Just finished writing and I’m back to the top. I need someone to write the cliff notes for this post:)
Understand that friends come and go, but for the precious few you
should hold on. Work hard to bridge the gaps in geography and
lifestyle because the older you get, the more you need the people you
knew when you were young -Everyone Free (To Wear Sunscreen)
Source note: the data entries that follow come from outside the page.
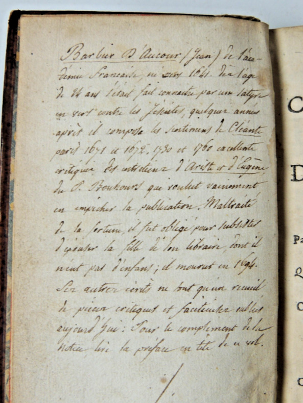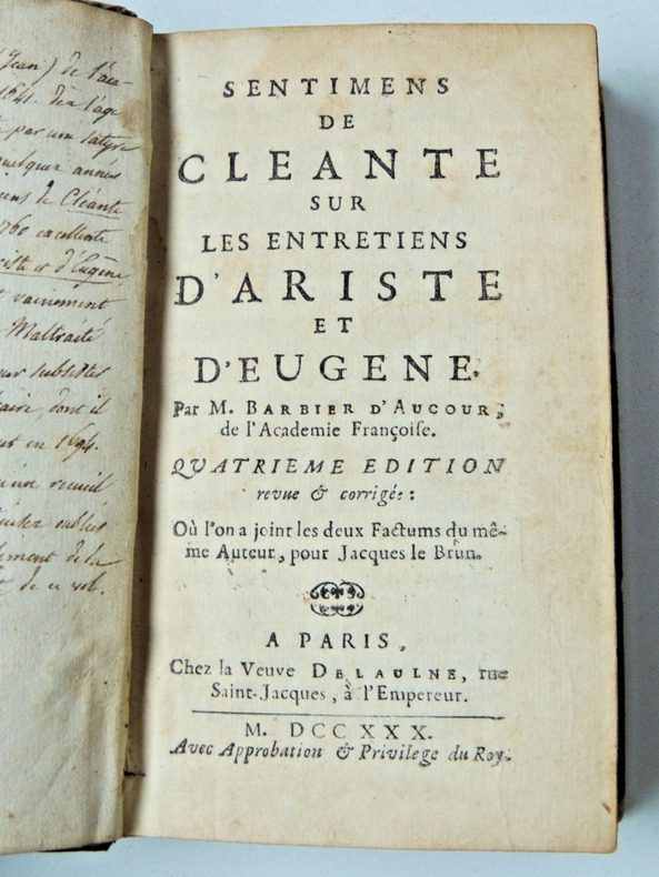Cet ouvrage est une réponse critique aux "Entretiens d'Ariste et d'Eugène" du père Bouhours, jésuite. Six entretients entre deux amis, prétexte à disserter sur la mer, la langue française, les devises... Si les entretiens sur la mer recensent les diverses opinions des Anciens, le chapitre sur la langue française établit un état de la langue orale et écrite au XVIIe, et on y trouve de nombreux renseignements sur les nouvelles expressions, les changements de mots... D'autres entretiens sont prétexte à philosopher et à l'érudition grammaticale, ainsi dans Lesw devises. Le père jésuite Bouhours fut un grammairien et un historien, on retrouve ici, sous une forme en vogue au XVIIe, une façon d'instruire par une lecture légère et agréable, et le père jésuite fut tout au long de sa vie préoccupé d'enseignement. quatrième édition, revue & corrigée, ou l'on a joint les deux factums du même auteur, pour Jacques le Brun, un domestique accusé faussement d'avoir assassiné Mme Mazel, sa maîtresse, et que Barbier d'Aucour avait défendu en tant qu'avocat. volume relié in 12, 180x100, relié pleine basane époque, accrocs, bon état intérieur, 494pp. Une page manuscrite époque en regard la page de titre A Paris, chez la Veuve Delaulne, 1730 ref/22/1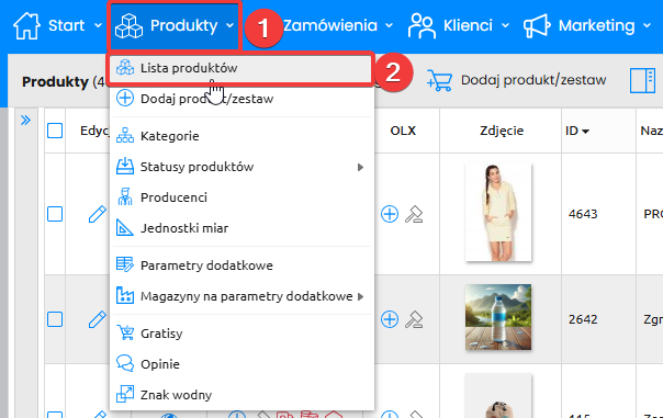 Na początku przejdź do Produkty (1) -> Lista produktów (2).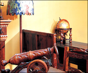 西班牙乡村风格家具同样注重雕刻,压痕都是人工刻意制造的效果,给人田园般的质朴。餐桌4005元 餐椅 1300元 古炮装饰品 1050元 落 地灯 5800元 后面长桌 3456元 长椅 2205元 地球仪 1335元 比利时吉迈达家具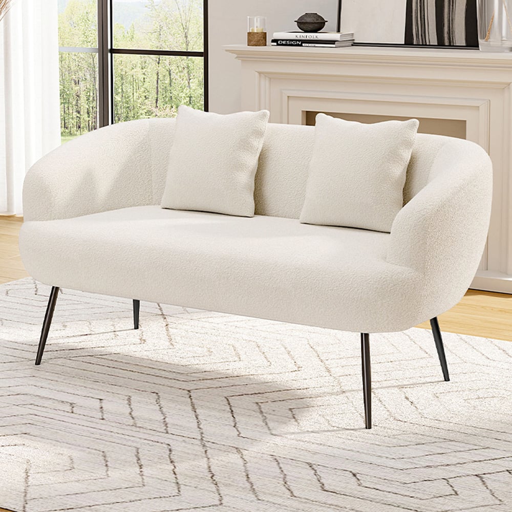 Wrap yourself in the cloud-like comfort of the Living and Home 2 Seater Teddy Fabric Loveseat, designed for both style and relaxation. Crafted with a solid wood frame, it features a soft, inviting silhouette with rounded arms and a firm, foam-filled back for a plush, overstuffed feel. Supported by four slim, tapered legs in sleek black metal, its modern design makes it a perfect fit for any living space.
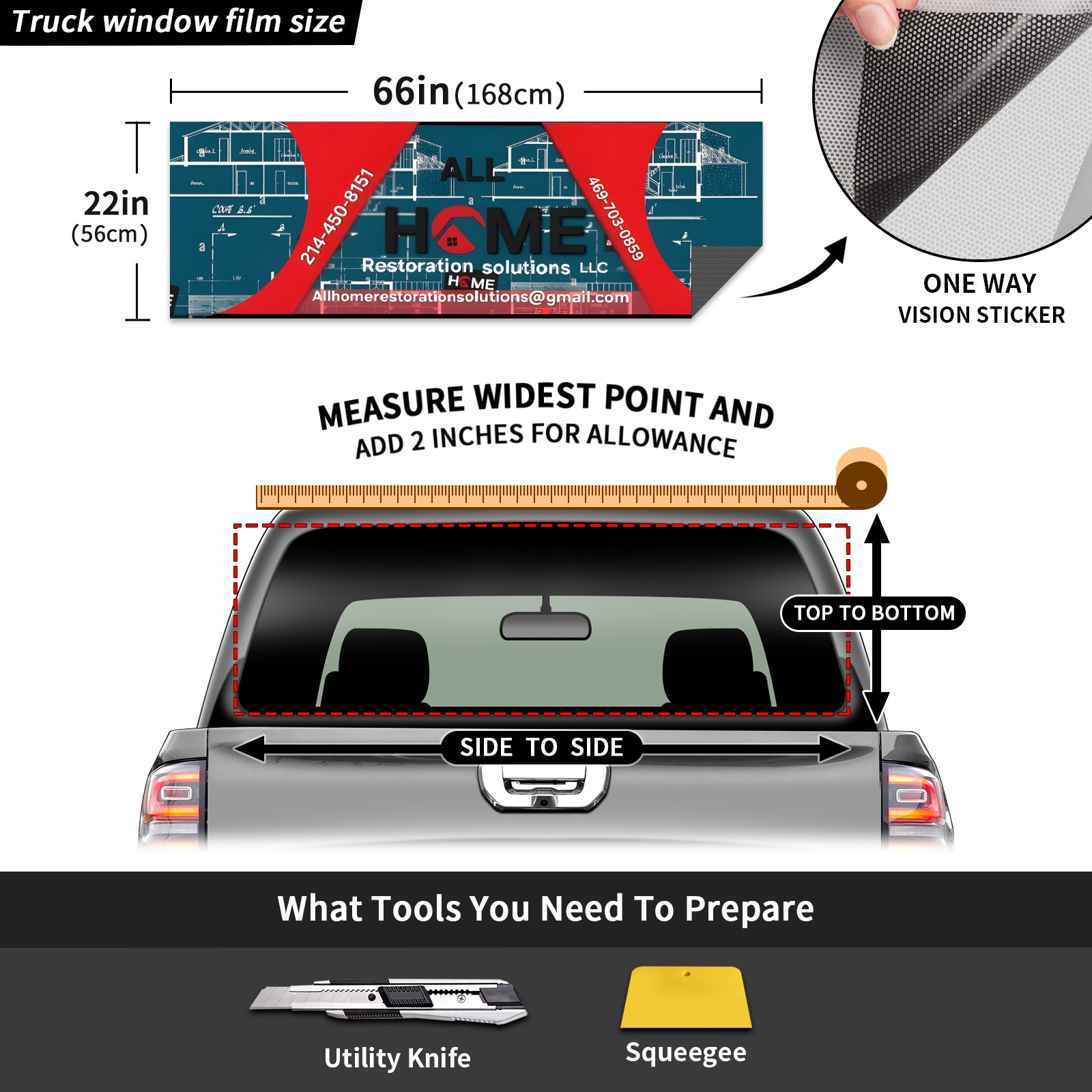 64x18 Inch Custom Rear Window Graphic Decals for Trucks Personalized Pickup Car Window Stickers 66" x 22" Truck Back Window Perforated Vinyl Window Film Decal Design Your Own Back Window Graphic
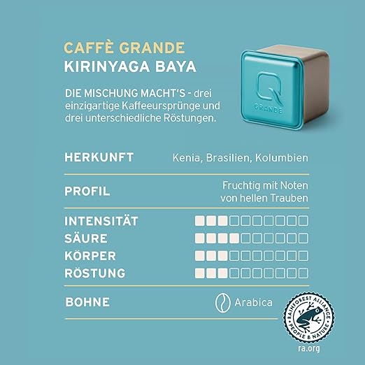 کپسول قهوه Qbo از دانه‌های ۱۰۰٪ عربیکا از سه منطقه‌ی مشهور جهان – کنیا، برزیل و کلمبیا – تهیه شده است. ترکیب دانه‌های برشته‌کاری روشن و تیره، طعمی ملایم و متعادل با نت‌های میوه‌ای و رایحه‌ی انگورهای روشن خلق می‌کند که عاشقان قهوه را مجذوب خود می‌سازد.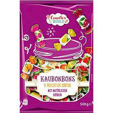 Žvýkací bonbóny Candies World "Kaubonbons" 500 gramů, 5 druhů ovoce s přirozenou chutí.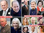 This graphic shows how the Queen, Duke of Edinburgh, Prince Charles, Camilla, Prince William and Kate all get round-the-clock protection - while Princess Anne, Prince Edward and Sophie are guarded only when on official duties and engagements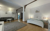 Junior Suite Deluxe cu suprafata de 35 mp dispune de un open space in care se afla un pat matrimonial si un pat single, balcon.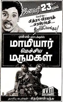 - 1 2 3 4 Guy, Randor (8 November 2014). "Maamiyaar Mecchina Marumagal (1959)". The Hindu. Archived from the original on 3 December 2014. Retrieved 31 August 2019.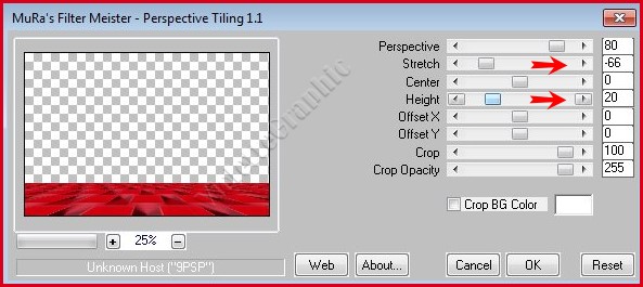 13 - Calques/Dupliquer Effets/Mura's Meister/perspectives Tiling réglages suivants :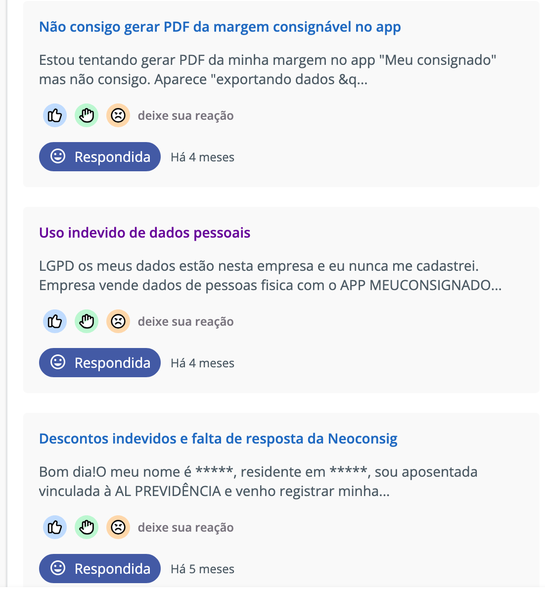 A NEOCONSIG É UMA DAQUELAS EMPRESAS DE CONTROLE DE CONSIGNADO (TEM VÁRIOS EXEMPLARES DESSAS EMPRESAS NAS REPORTAGENS SOBRE AS FRAUDES NO INSS) QUE ACUMULA RECLAMAÇÕES NO RECLAME AQUI: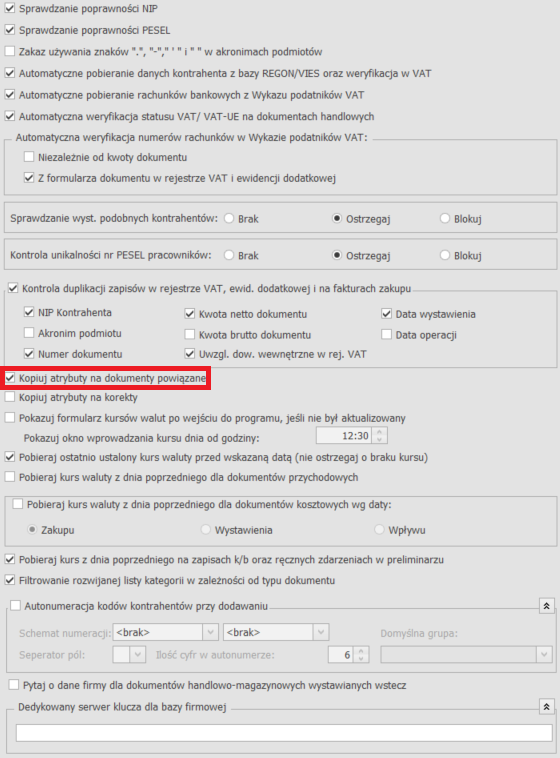 Przenoszenie atrybutów na dokumenty korygujące jest uzależnione od ustawienia parametru w Konfiguracji firmy/ Ogólne/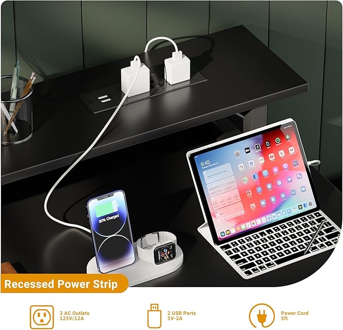 About This 【Desk with Power Outlets & Monitor Stand】This computer desk is equipped with ith a built-in power strip with...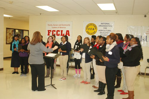 Members of the local Retired Teachers Association enjoyed their annual holiday luncheon on Tuesday, December 2, in the HHS Career and Tech “dining room.” The dining area is in the C & T commons, and preparing and serving the meal were Culinary Arts students of Mrs. Vickie Noles. The menu was chicken and rice, green beans, congealed salad and dessert. The culinary students received special recognition and thanks from the teachers for their meal. It was a delightful holiday celebration with the HHS Women’s Ensemble performing several Christmas songs for the group, under the direction of Choir Director Ashley Jackson. Scheduling the lunch was retired C & T teacher Peggy Haynes.
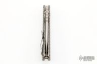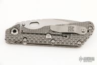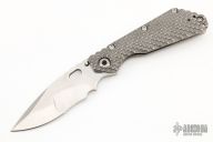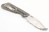 This Mick Strider custom SMF framelock folder has a Nightmare ground blade with notched thumbrest and thumbhole. The handle has a double gunner grip titanium frame with laser engraved titanium clip. Includes Hinderer "Lock Bar Stabilizer" for maximum reverse lock retention. Nice lockup, blade seating and detent. Comes with zippered case. New from maker at the 2022 CCKS.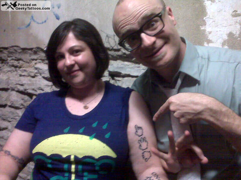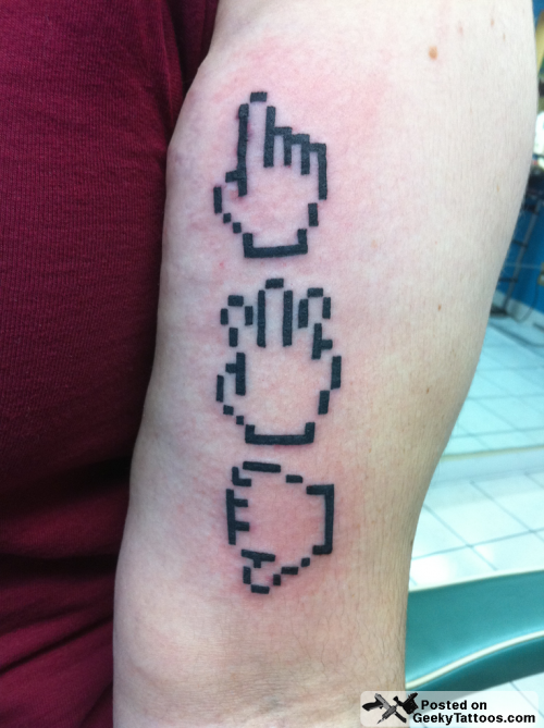 Natalie is a fan of nerdcore artist MC Frontalot. Back in September (yeah, I know I’m late on posting this) she went to one of his shows. During his song “First World Problem” he had the crowd put up one finger (“first”), then 3 fingers (W for “world”), and finally a thumbs-down (“problem”). Natalie loves the song and like many of use recognize this common hash tag on Twitter so she decided to get an 8-bit tattoo. Per at Dandyland Custom Tattoos in San Antonio, TX helped her out with this while they listening to Frontalot’s Pandora station.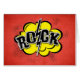 Comic style rock illustration with yellow cloud and halftone decoration on red grunge background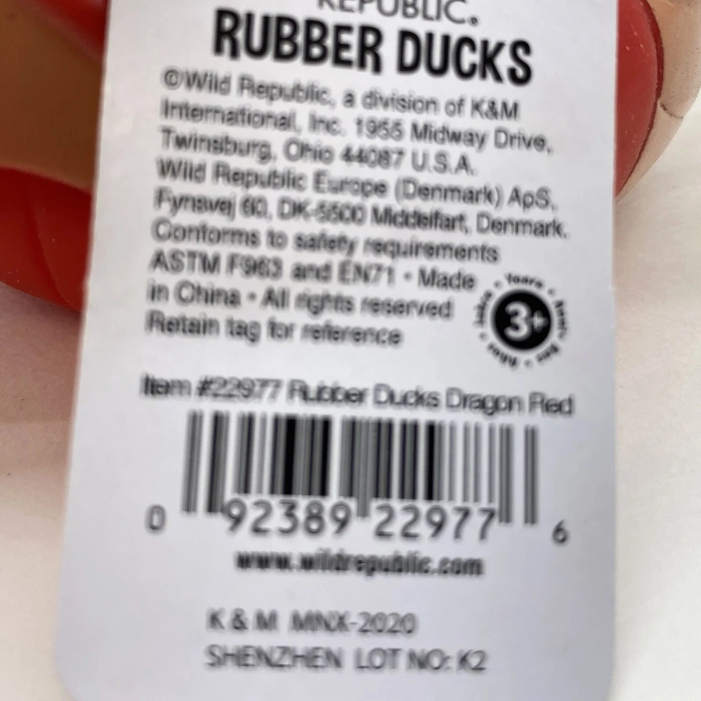 Introducing the Wild Republic Rubber Red Dragon Duck, a charming addition to any baby's toy collection. This adorable bath toy is crafted with high-quality materials and features a vibrant red color that will capture your little one's attention. Measuring at 4 inches, it's the perfect size for snuggling and playing with. Designed by Wild Republic, a trusted brand in the toy industry, this rubber duck is a must-have for any baby. Its soft and cuddly texture will make it a favorite companion for bath time and beyond. Whether you're looking for a gift or simply adding to your baby's toy collection, the Wild Republic Rubber Red Dragon Duck is sure to bring joy and smiles.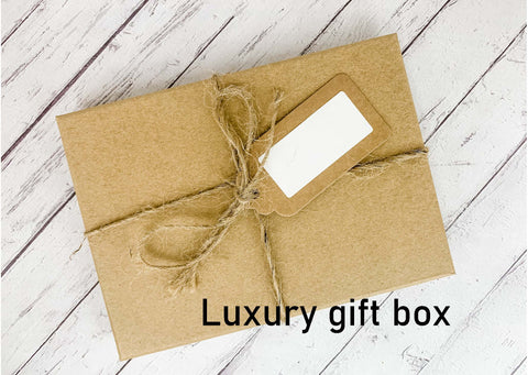 Comes packaged in organza bag as standard, but you can upgrade to a gift box.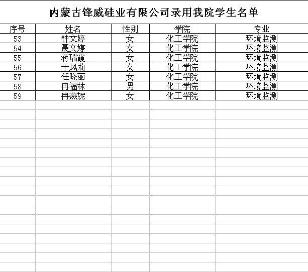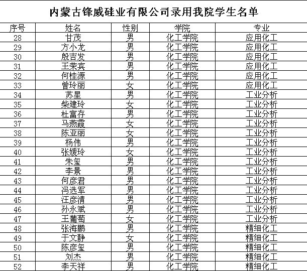 内蒙古锋威硅业录取学生名单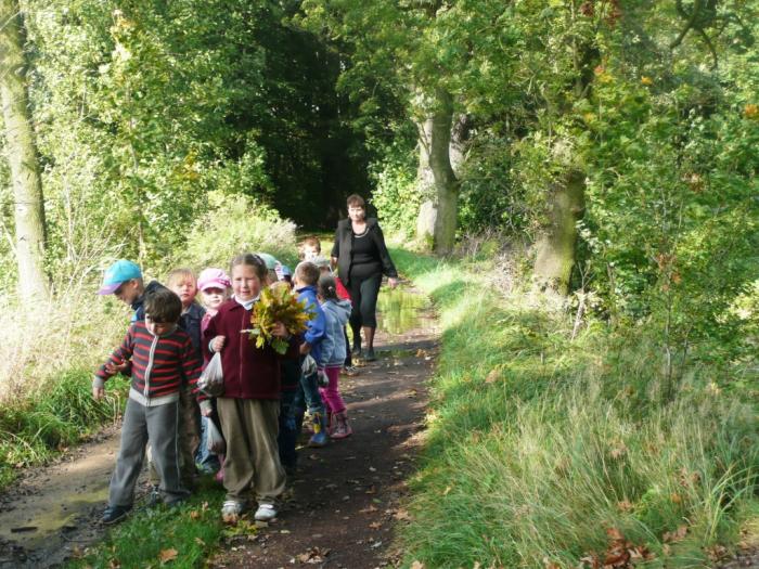 W piątek 5 października dzieci z przedszkola w Rzuchowie wraz z nauczycielem wybrały się na pieszą wycieczkę do lasu. Głównym celem wizyty w lesie było przybliżenie przedszkolakom środowiska przyrodniczego, jakim jest las oraz zapoznanie dzieci ze zwierzyną i roślinnością tam występującą. Leśną przygodę rozpoczęli od pogadanki na temat prawidłowego zachowania w lesie. Następnie dzieci słuchały śpiewu ptaków, szukały zwierząt zamieszkujących las, rozmawiały o grzybach, utrwalały nazwy drzew oraz zbierały do woreczków „skarby”, które pani Jesień zostawiła w lesie. Były to m. in. kolorowe liście, żołędzie i kasztany. Zebrane skarby zostały zaniesione do przedszkola, by wzbogacić kącik przyrody. Wycieczka do lasu dostarczyła przedszkolakom wielu niezapomnianych wrażeń.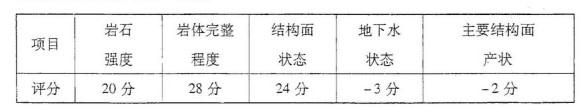 某电站引水隧洞,围岩为流纹斑岩,其各项评分见下表、实测岩体纵波波速平均值为3320m/s,岩块的波速为4176m/s。岩石的饱和单轴抗压强度Rb=55.8MPa,围岩最大主应力σm=11.5MPa,试按《水利水电工程地质勘察规范》(GB502S7-99)的要求进行的围岩分类是下列哪一选项?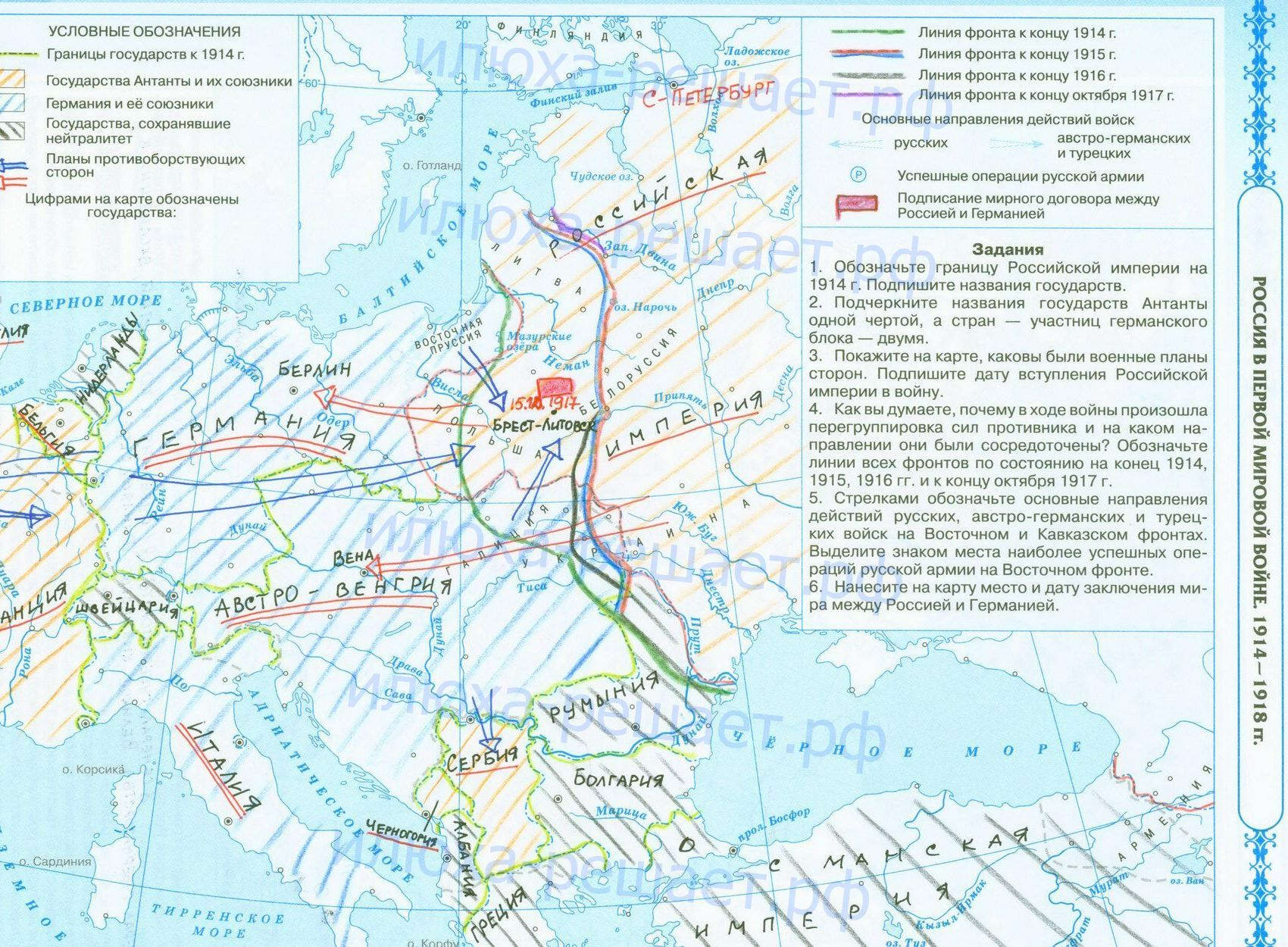 Россия в Первой мировой войне 1914-1918 гдз контурная карта стр 4

I love that song. http://www.youtube.com/watch?v=xfq_A8nXMsQ Full of wisdom and advice. You look back and your like that makes so much sense why didn’t I see it back then? That’s life I guess.
The friendship sentiment made me think of that song after thinking about your post Shawn: http://www.brianfischer74.com/blog/?p=28#comments Your the second commenter on here. Snow you have been there since blog 1.0. I stole the number thing:) Your are both geographically far away, but you are both close friends. It doesn’t hurt that your both full of wisdom:)
So your comment made me think a lot. Enough to trigger the above and a lot of it felt like a new post.
Totally agree with you. Running away isn’t going to solve anything. And you should see the running shoes I have gone through in my lifetime. No wonder I did so well in the mile without practicing:) Location is location and what is going on inside(location) will travel with you. Location isn’t going to take it away. And even though I have gotten better I still have the tendancy to want to run. To escape the situation. It’s not a way to solve problems in life. I so get that.
And to continue our discussions of different perspectives and opinions that we used to have over spilled bbq sauce:) Sometimes a change of location is good. It gives us a different perspective and lets us see things differently. It may be a chance to allow myself to grow and tackle new things. I like accomplishing new things in life. I think its about proving something to myself.
I’m at a loss at trying to explain it all. So lets go streaming. I think in a way I have proven that I can be a good teacher. Today was an awesome day of teaching in so many ways and reminded me of how I’m very talented at it.
Tomorrow night is open house where the parents come in. It was a real learning experience. I showed the kids the powerpoint that I was going to show the parents. Talked about how I should practice. I practiced. Then we went through it and they gave feedback. I’m like this is how life works.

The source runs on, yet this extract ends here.